Showing posts with label whittier. Show all posts
Showing posts with label whittier. Show all posts

Monday, June 1, 2009

my second day on the bike

it just occurred to me that i should probably name my bike so i can stop calling it "the bike." do mothers call their babies "it"? only the bad ones. so i'll keep my mind peeled for a name. so far i could call it Ball Buster, since that's what it's been doing to me for 2 days now.

anyhow, today is monday and the real test is, how am i going to do during the work week? you see, my after work time is divided between napping, eating, and dicking around on the computer for hours. i hardly have time for a bike ride. so today after work, guess what?! i was soooo looking forward to a bike ride. yes, i was tired, but determined. so i put on my workout clothes, set up some new playlists, and rode off into the sunset. oh man was it a relief. what a true stress reliever. not quite as fulfilling as some other physical stress relievers, but damn close.
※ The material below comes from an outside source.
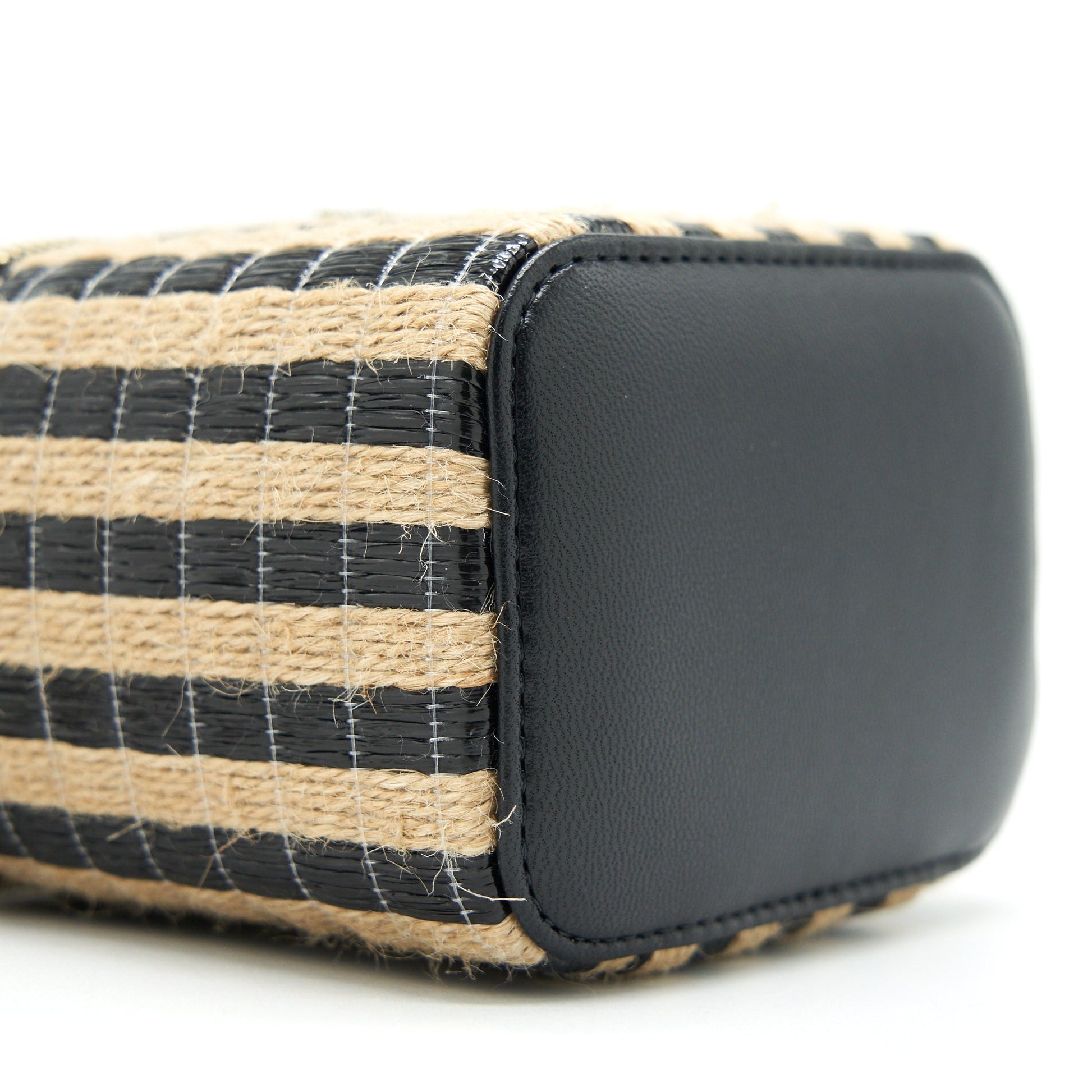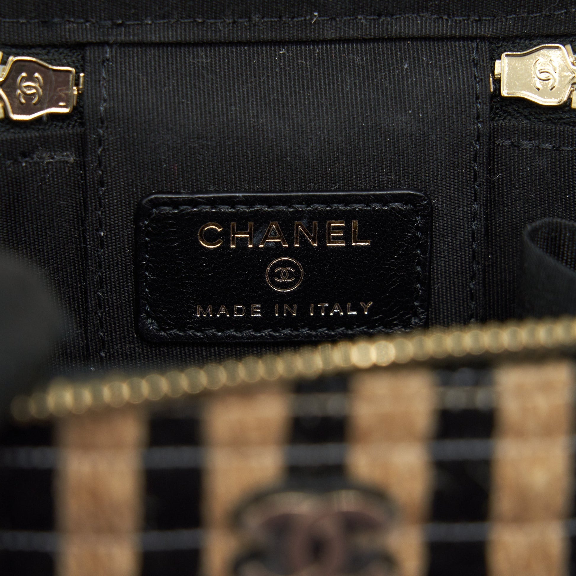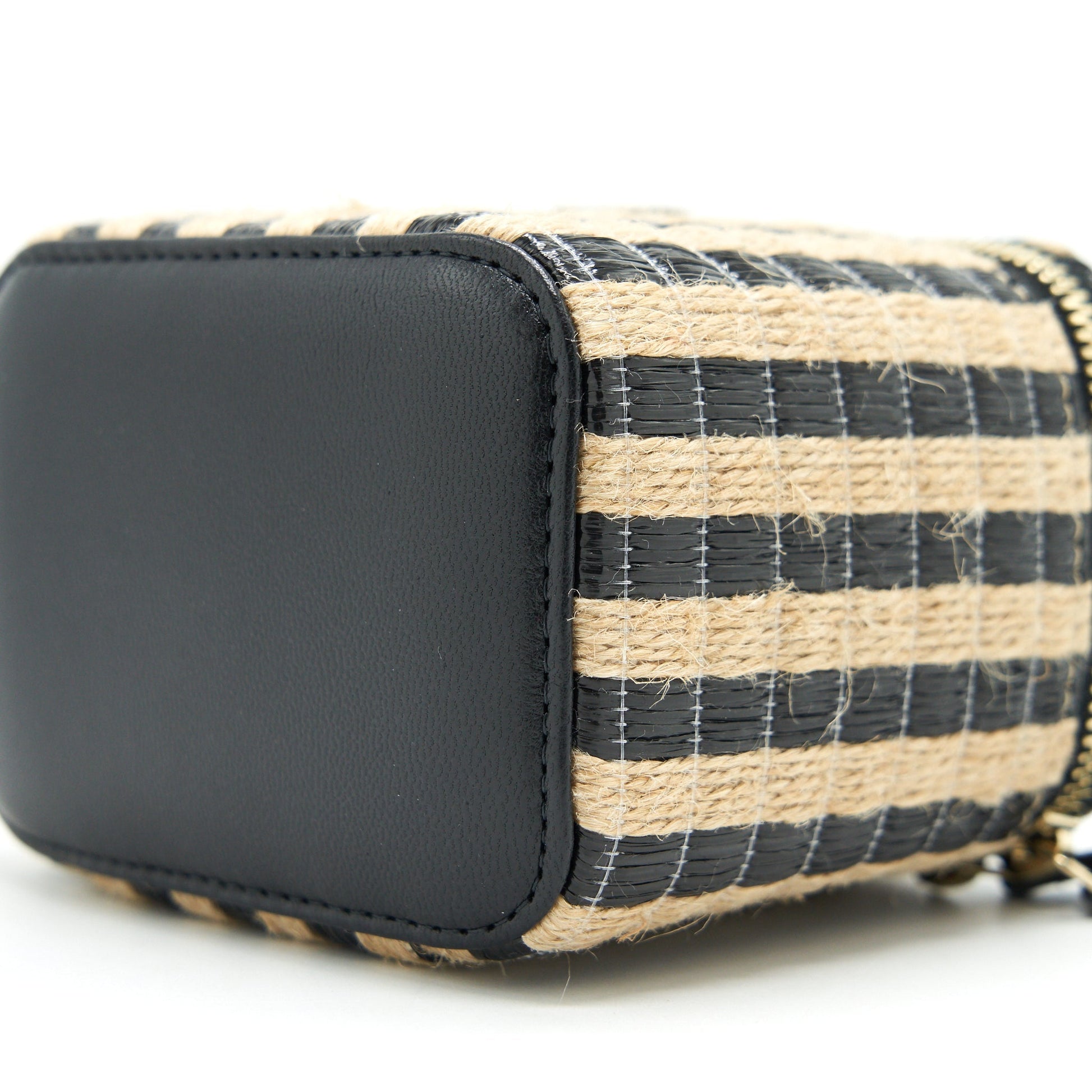 Chanel Small Vanity with Chain raffia Black Beige stripe

so yesterday i just sorta rode around close by to get a grip. i felt like jello. like a virgin. today, i decided to check out this trail called Greenway here in whittier that i've heard so much about. and good lord was it beautiful. i will mos def take pictures of my own and post them. i was overwhelmed with how beautiful the trail was. the bike roads, the plants, but mostly i was taken aback by the amount of people there. they were all so happy walking, running, riding, skateboarding, and walking their dogs that i was suddenly very aware of where i was. we're not in san francisco anymore toto. they were brown, young, middle aged, old, white, single, coupled, married, with kids, with babies, with friends. it was such a community. and everyone had positive energy coming out of them with every exhale that i felt like i was inhaling their energy. it was just beautiful. i thought i was gonna be alone on this road to nowhere. as per usual. instead, as it turns out, i was joining a community. it feels good to belong to something good.